Tra i suoi tanti ruoli c’è anche quello di critico musicale. Qual è lo stato di salute della critica nella Grande Musica?

Non mi definirei propriamente un “critico musicale”, quanto un “divulgatore musicale”. Non me ne vogliano i miei colleghi critici, ma non mi è mai piaciuto fare “critica”. Per questo, nei miei lunghi anni di “recensioni” discografiche non ho mai presentato o raccontato un CD brutto. Preferisco fare una selezione a monte e parlare solo di quello che mi piace ma senza dare giudizi. Penso anche che fare il “critico musicale” richieda oggi delle competenze musicali-teoriche specifiche che non tutti hanno. Detto questo, mi pare che nel nostro Paese possiamo contare su alcune firme piuttosto importanti, penso su tutte a quella di Angelo Foletto, critico di Repubblica, che è stato fra le altre cose anche mio professore di Storia della Musica al Conservatorio. Il suo acume, la sua lucidità di analisi, il suo sapere andare dritto al cuore delle questioni, ne fa oggi un punto di riferimento e un modello per molti. 

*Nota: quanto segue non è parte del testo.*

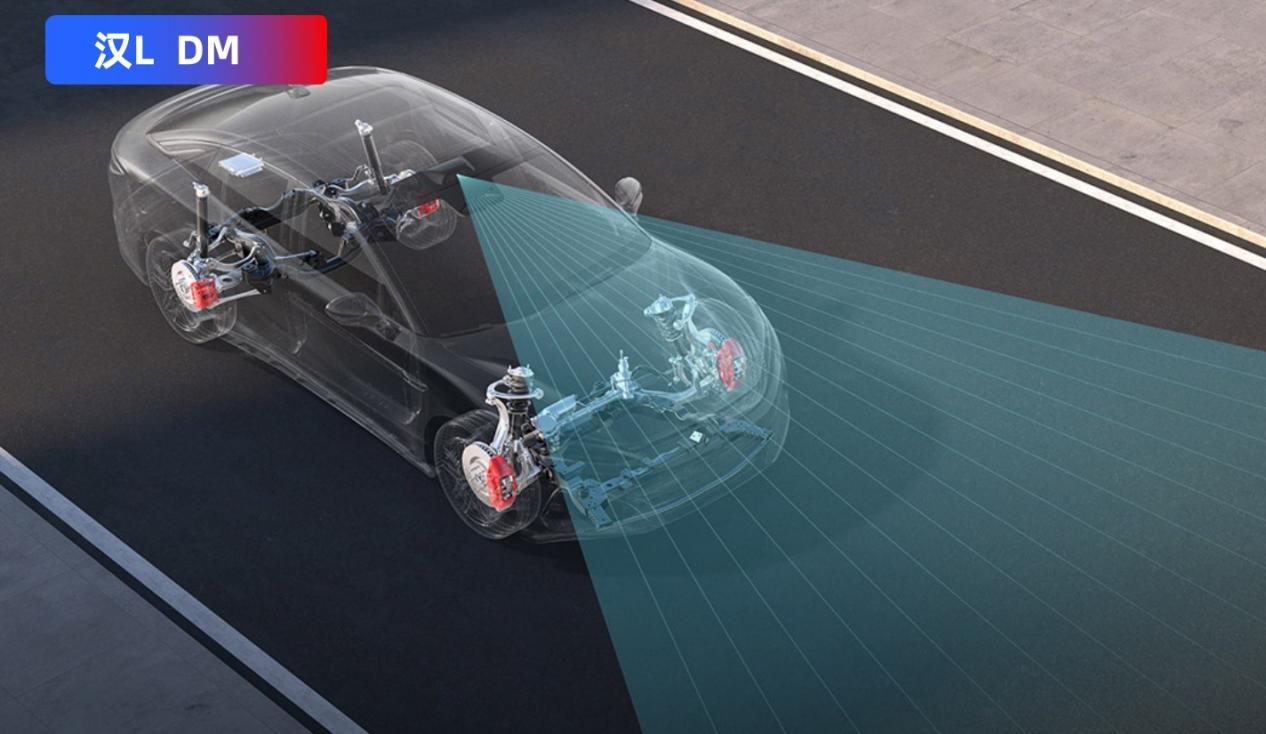 底盘方面,汉L采用前双叉臂+后五连杆悬架,实现更短的转弯半径。搭载云辇-C智能阻尼车身控制系统,通过电动化与智能化绕过传统底盘技术壁垒,提前预扫描路面,调整悬架状态,兼顾运动性与舒适性。

Come ritiene abbia agito nel nostro Paese l’ambiente della musica classica davanti alla tragedia che l’intero mondo sta vivendo?

Siamo rimasti tutti spiazzati e impreparati di fronte alla pandemia. Il mondo della musica classica ha reagito come poteva, aprendo nuovi canali di diffusione prima trascurati, come ad esempio i concerti in streaming. Ma attenzione, non tutti hanno aderito. Penso ad esempio ad alcuni grandi musicisti, come il grande flautista Patrick Gallois che ha messo in guardia quanti durante il primo lockdown si sono messi a proporre concerti in streaming gratuitamente, praticamente in ogni dove. Il rischio infatti è quello di far passare un messaggio errato e cioè che la Grande Musica, come giustamente la chiama, debba e possa essere gratuita e per tutti, in ogni momento. 

I Conservatori sono sempre pieni di giovani iscritti, le sale da concerto molto meno. Cos’è che non va?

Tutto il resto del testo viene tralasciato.